When Arthur Chilingarov, a member of the Russian parliament, rammed his country's flag into the ocean floor at the North Pole in a spectacular submarine dive three weeks ago, the other countries whose territory abuts the North Pole suddenly went into high gear. The Russian effort was meaningless under international law, but its symbolic value was immense.

The awakening giant, its growing power based on vast reserves of natural resources, was asserting its claim to ownership of a vast stretch of the Arctic Ocean covering 1.2 million square kilometers (463,323 square miles). But Canada, the United States, Norway and especially Denmark, as the country that controls Greenland, are also claiming large sections of the sea. Could this be the beginning of a new cold war in the Arctic Ocean?

If it is, the geologists will be playing a key role. The most important question they'll have to answer is this: What country does the Lomonosov Ridge connect to? The 1,800-kilometer (1,118-mile) undersea mountain range stretches from Siberia, across the North Pole, and to the shores of Greenland. But which continental shelf does it connect with -- Russia's or Greenland's?

Christian Marcussen, who heads a team from the Danish Geological Service in Copenhagen says he can prove, with their seismic tests, that the ridge is part of the Greenland continental shelf, the kingdom could expand its claims of sovereignty beyond the current limit, which extends to 200 nautical miles off the Greenland coast.

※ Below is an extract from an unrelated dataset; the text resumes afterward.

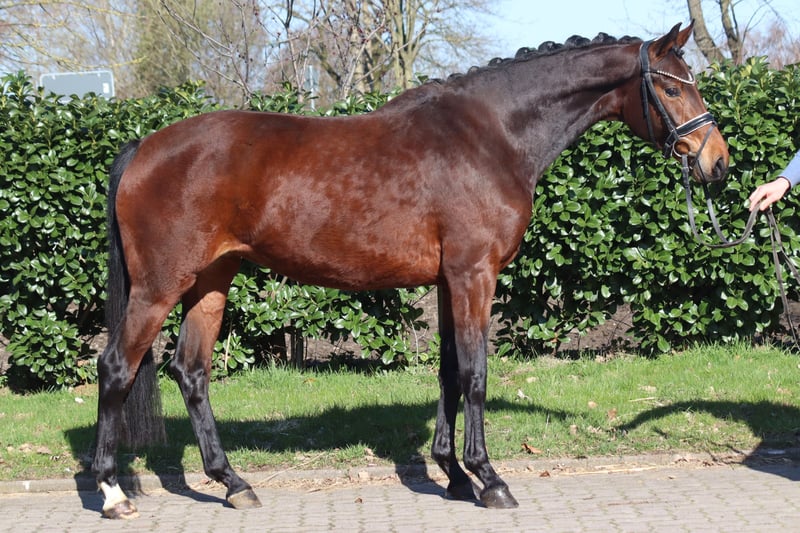 Charming 3-year-old mare by Galaxy x Florencio, featuring an outstanding movement pattern. She is very well-behaved in handling but has not yet been ridden under saddle. Price excluding VAT. Inquiries only by phone; emails will not be answered.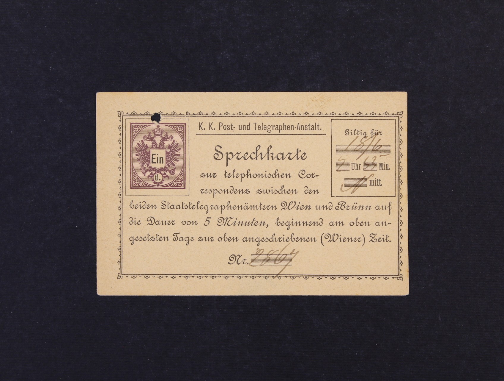 1817 Telefonní karta Mi. č. TK 2 na telefonní hovor z Vídně do Brna na dobu 5 min., pod. evidenční číslo 2867 dne 18.6.1887, znehodnoc. průpichem, zajímavé 300

Meanwhile, the Russians are busy trying to prove that exactly the same thing holds true at the other end of the Lomonosov Ridge -- that it connects to Russian territory.

Danish Prime Minister Anders Fogh Rasmussen shed plenty of crocodile tears last week when he met with German Chancellor Angela Merkel to lament Greenland's melting glaciers. In truth, though, the nations bordering the Arctic are just waiting for the North Pole to finally become ice-free. Global warming is likely to do them the favor, and even faster than was previously thought.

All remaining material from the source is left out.